水素、緑も青も総力戦 50年に全エネルギーの16%に

第4の革命・カーボンゼロ Hを制する(1)

低品位の褐炭から水素を製造する(豪南東部ラトローブバレー)

原子番号1番、元素記号H。「水素」が温暖化ガス排出を実質的になくすカーボンゼロの切り札に浮上した。宇宙の元素で最も多い水素は枯渇せず、燃やしても水になるだけ。究極の資源Hを制する競争が始まった。

オーストラリア南東部のビクトリア州ラトローブバレー。日本の発電量240年分に当たる大量の低品位石炭、褐炭が眠るこの地で1月、水素の製造が始まった。

採掘したての褐炭を乾燥させて砕き、酸素を注入して水素をつくる。1日あたり2トンの褐炭から70キログラムの水素ができる。年内にはセ氏マイナス253度で液化した水素を専用船で日本に運ぶ。

川崎重工業の子会社、ハイドロジェン・エンジニアリング・オーストラリアの川副洋史取締役は「製造、液化した水素を海上で大量輸送する供給網をつくるのは世界初」と話す。2030年代の商用化後は水素製造時に出る二酸化炭素(CO2)を約80キロメートル離れた海岸沖の地底に埋める。

脱炭素の王道は太陽光や風力など再生可能エネルギーによる電化だが、大型飛行機は電気で飛ばすのが難しい。高温で鉄鉱石を溶かす高炉も電気では動かない。水素は燃やせばロケットを飛ばせるほどのエネルギーを生み、CO2も出さない。カーボンゼロの最後の扉を開くカギとなる。
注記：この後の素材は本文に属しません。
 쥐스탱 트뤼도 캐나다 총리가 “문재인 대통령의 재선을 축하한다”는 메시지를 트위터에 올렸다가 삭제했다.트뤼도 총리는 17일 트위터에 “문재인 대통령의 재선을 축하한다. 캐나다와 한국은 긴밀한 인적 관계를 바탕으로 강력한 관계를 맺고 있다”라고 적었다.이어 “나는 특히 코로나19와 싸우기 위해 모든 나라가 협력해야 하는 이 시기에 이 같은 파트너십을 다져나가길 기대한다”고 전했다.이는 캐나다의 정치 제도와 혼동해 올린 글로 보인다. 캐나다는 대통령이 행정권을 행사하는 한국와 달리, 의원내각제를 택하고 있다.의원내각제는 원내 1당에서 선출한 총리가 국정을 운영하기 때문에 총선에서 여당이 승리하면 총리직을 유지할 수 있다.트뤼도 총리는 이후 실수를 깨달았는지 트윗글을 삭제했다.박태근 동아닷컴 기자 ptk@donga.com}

英石油大手BPは「カーボンゼロならば50年の最終エネルギー消費の16%を水素が占める」とみる。「世界でも安い水素の供給源は限られる。もたもたしていると他国にとられる」。水素を成長事業にすえる千代田化工建設の森本孝和フロンティアビジネス本部副本部長は焦りを隠さない。
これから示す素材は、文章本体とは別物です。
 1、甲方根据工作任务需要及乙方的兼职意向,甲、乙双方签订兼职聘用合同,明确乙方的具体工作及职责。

世界はすでに総力戦に入った。世界の関連企業でつくる「水素協議会」によると、1月までに世界で200以上の事業計画が公表された。投資額は合計3000億ドル(約33兆円)を超す。


無色透明の水素を専門家は製法で「色分け」する。石炭や天然ガスなど化石燃料から取り出すと「グレー」。いま流通する工業用水素の99%がそうだが、CO2は削減できない。豪州の例のように化石燃料由来でも製造過程でCO2を回収すれば「ブルー」。そしてCO2を出さない再生エネの電気で水を分解してつくる「グリーン」だ。

欧州連合(EU)はグリーン水素に傾斜する。30年までに水を電気分解する装置に最大420億ユーロ(5兆5千億円)を官民で投じ、日本の30年目標の3倍超の年1000万トンをつくる。いまの製造コストはブルーより高いが、再生エネと電解装置の値下がりで将来は逆転するとの見方もある。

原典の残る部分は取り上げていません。